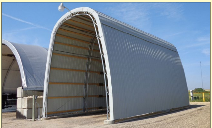
Employees at the Ellsworth Subarea office placed tin sheeting on this equipment shelter to help improve its durability.

The solution was to reskin the shelter with tin sheeting. This shelter will be home for a tractor with a loader attachment this coming winter and should serve the Subarea crew for years to come. It was built on one of the largest mixing strips in District
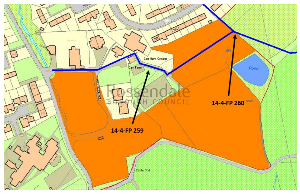
Figure C: PROWs within site allocation H18
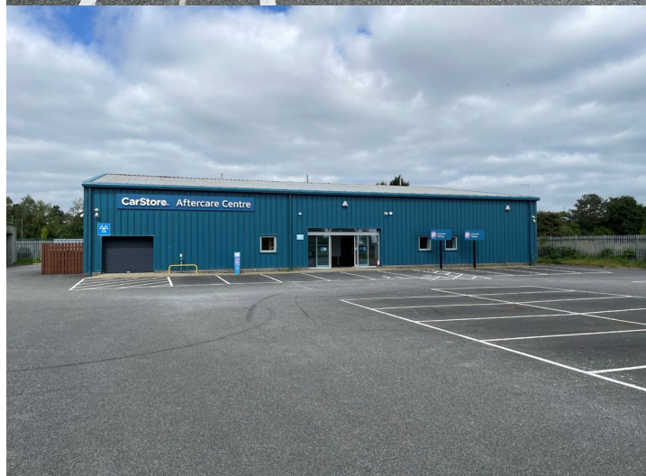
Former Car Store
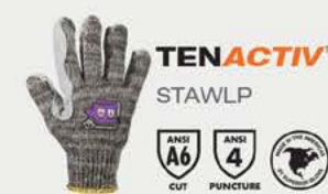
TENACTIV™ STAWLP ANSI A6 CUT, ANSI 4 PUNCTURE
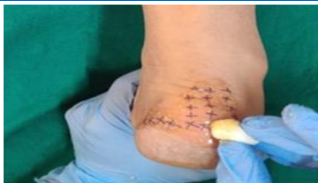
Application of Madhu Sarpi mixture
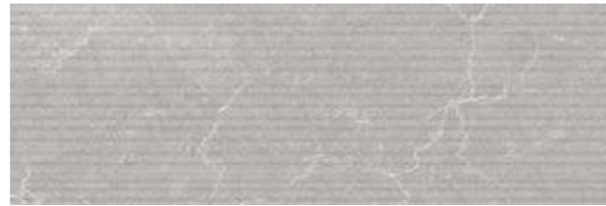
JAZZ LINE GRIS 30x90 cm. M 11,81"x35,43" RECTIFIED
--*--
◆ **Exercise prompt**: Exactly the lines from the one that contains "TENACTIV™ STAWLP ANSI A6 CUT, ANSI 4 PUNCTURE" through the final line of the records above are needed, given again word for word, with every picture left out.

◆ **Response below**:
TENACTIV™ STAWLP ANSI A6 CUT, ANSI 4 PUNCTURE
Application of Madhu Sarpi mixture
JAZZ LINE GRIS 30x90 cm. M 11,81"x35,43" RECTIFIED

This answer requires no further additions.